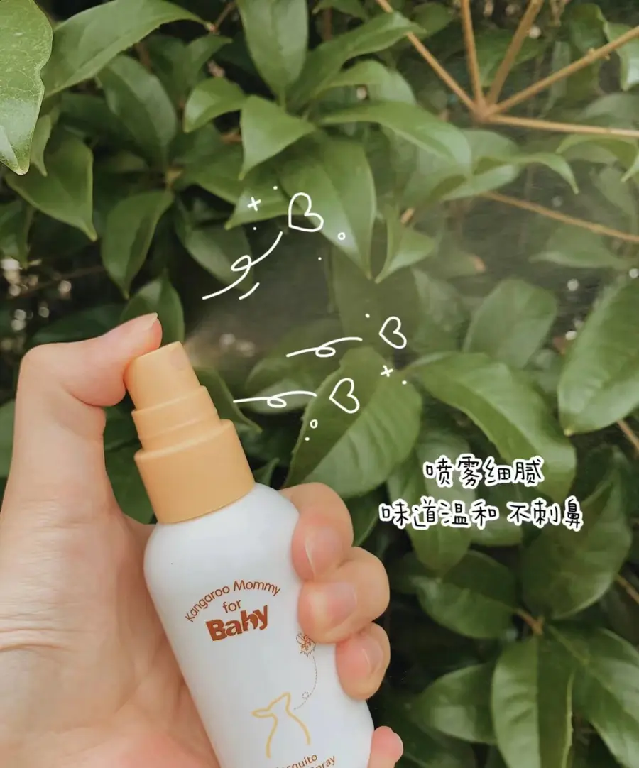 期间买了不少各种牌子的喷雾,有的驱蚊效果不好,有的味道刺鼻,还有的一喷出来就浓浓的酒精味儿,我可不敢给宝宝用。踩了几个雷之后发现袋鼠比比驱蚊喷雾挺好用的
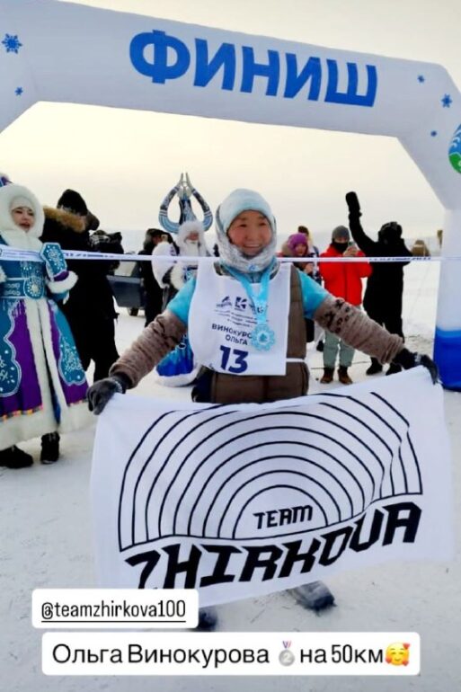 Стоит отметить, до того, как пробежать «холодный» ультрамарафон в родном улусе, любитель бега Ольга Винокурова приняла участие в Казанском марафоне, в прошлом году она участвовала в Международном сверхмарафоне в ЮАР (The Comrades Marathon) на дистанции 92 км, далее у нее был Московский марафон.Она успешно приняла участие в ультрамарафоне на двух континентах в Африке и Евразии, еще она альпинистка, мать и успешная предпринимательница.
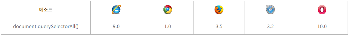 document.querySelectorAll() 메소드를 지원하는 브라우저별 지원 여부는 다르다. 아래와 같다.
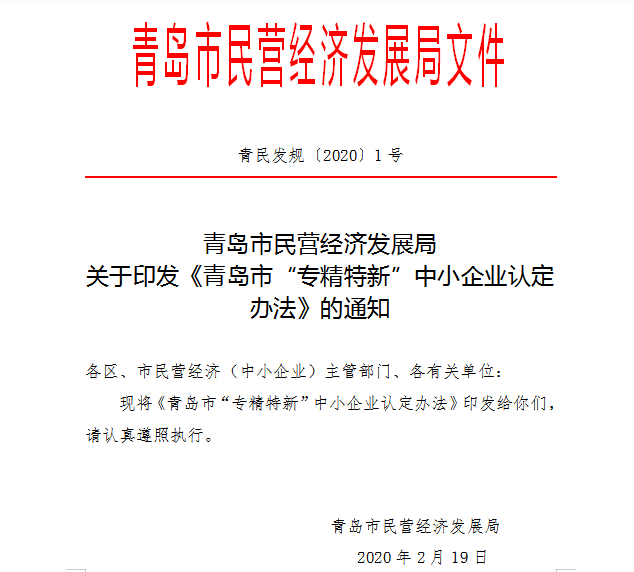 此次獲得青島市“專精特新”企業(yè)榮譽稱號是對我司事業(yè)發(fā)展的極大肯定。也是促進我司繼續(xù)擴大規(guī)模,不斷精進生產(chǎn)的巨大動力。
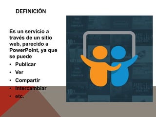 El documento describe cómo utilizar un servicio web similar a PowerPoint, donde los usuarios pueden registrarse, subir y compartir presentaciones. El proceso de registro incluye completar un formulario y, tras iniciar sesión, los usuarios pueden cargar sus archivos de presentación. Al finalizar la carga, es necesario proporcionar un título, una descripción y palabras clave antes de publicar la presentación.
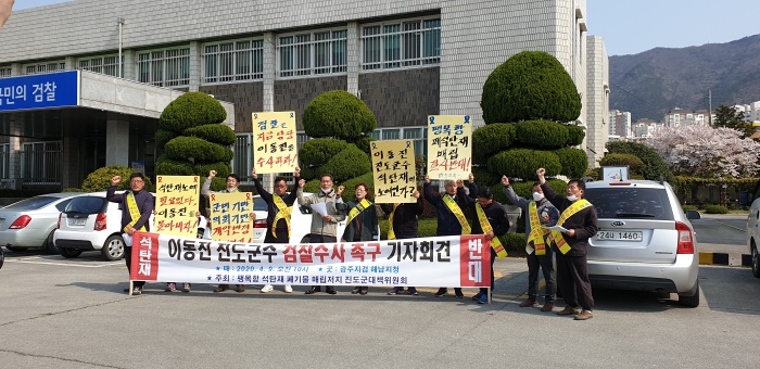 대책위는 이날 10시, 광주지방검찰청 해남지청 앞에서 기자회견을 갖고 "2016년부터 현재까지 팽목항 폐기물 반입에 대한 숱한 의혹을 제기하면서도 진도군과 이동진 군수가 스스로 석탄재 폐기물업체와 유착 의혹을 떨치고 진도토사로 이 사업을 조속히 마무리해 줄 것을 요청했다"면서 "그러나 최근 이동진 군수는 공무원 조직을 동원해 코로나19 비상방역 정부지침을 위반하면서까지 진도군청, 각 읍·면사무소에서 군민들을 상대로 관제 데모를 여는 등 상식적으로 이해할 수 없는 독선 행정을 하고 있다"고 비판했다.

───

- [Problem to solve]: Write every line above out again exactly; pictures do not belong in the copy.

- [Written response]:
 期间买了不少各种牌子的喷雾,有的驱蚊效果不好,有的味道刺鼻,还有的一喷出来就浓浓的酒精味儿,我可不敢给宝宝用。踩了几个雷之后发现袋鼠比比驱蚊喷雾挺好用的
 Стоит отметить, до того, как пробежать «холодный» ультрамарафон в родном улусе, любитель бега Ольга Винокурова приняла участие в Казанском марафоне, в прошлом году она участвовала в Международном сверхмарафоне в ЮАР (The Comrades Marathon) на дистанции 92 км, далее у нее был Московский марафон.Она успешно приняла участие в ультрамарафоне на двух континентах в Африке и Евразии, еще она альпинистка, мать и успешная предпринимательница.
 document.querySelectorAll() 메소드를 지원하는 브라우저별 지원 여부는 다르다. 아래와 같다.
 此次獲得青島市“專精特新”企業(yè)榮譽稱號是對我司事業(yè)發(fā)展的極大肯定。也是促進我司繼續(xù)擴大規(guī)模,不斷精進生產(chǎn)的巨大動力。
 El documento describe cómo utilizar un servicio web similar a PowerPoint, donde los usuarios pueden registrarse, subir y compartir presentaciones. El proceso de registro incluye completar un formulario y, tras iniciar sesión, los usuarios pueden cargar sus archivos de presentación. Al finalizar la carga, es necesario proporcionar un título, una descripción y palabras clave antes de publicar la presentación.
 대책위는 이날 10시, 광주지방검찰청 해남지청 앞에서 기자회견을 갖고 "2016년부터 현재까지 팽목항 폐기물 반입에 대한 숱한 의혹을 제기하면서도 진도군과 이동진 군수가 스스로 석탄재 폐기물업체와 유착 의혹을 떨치고 진도토사로 이 사업을 조속히 마무리해 줄 것을 요청했다"면서 "그러나 최근 이동진 군수는 공무원 조직을 동원해 코로나19 비상방역 정부지침을 위반하면서까지 진도군청, 각 읍·면사무소에서 군민들을 상대로 관제 데모를 여는 등 상식적으로 이해할 수 없는 독선 행정을 하고 있다"고 비판했다.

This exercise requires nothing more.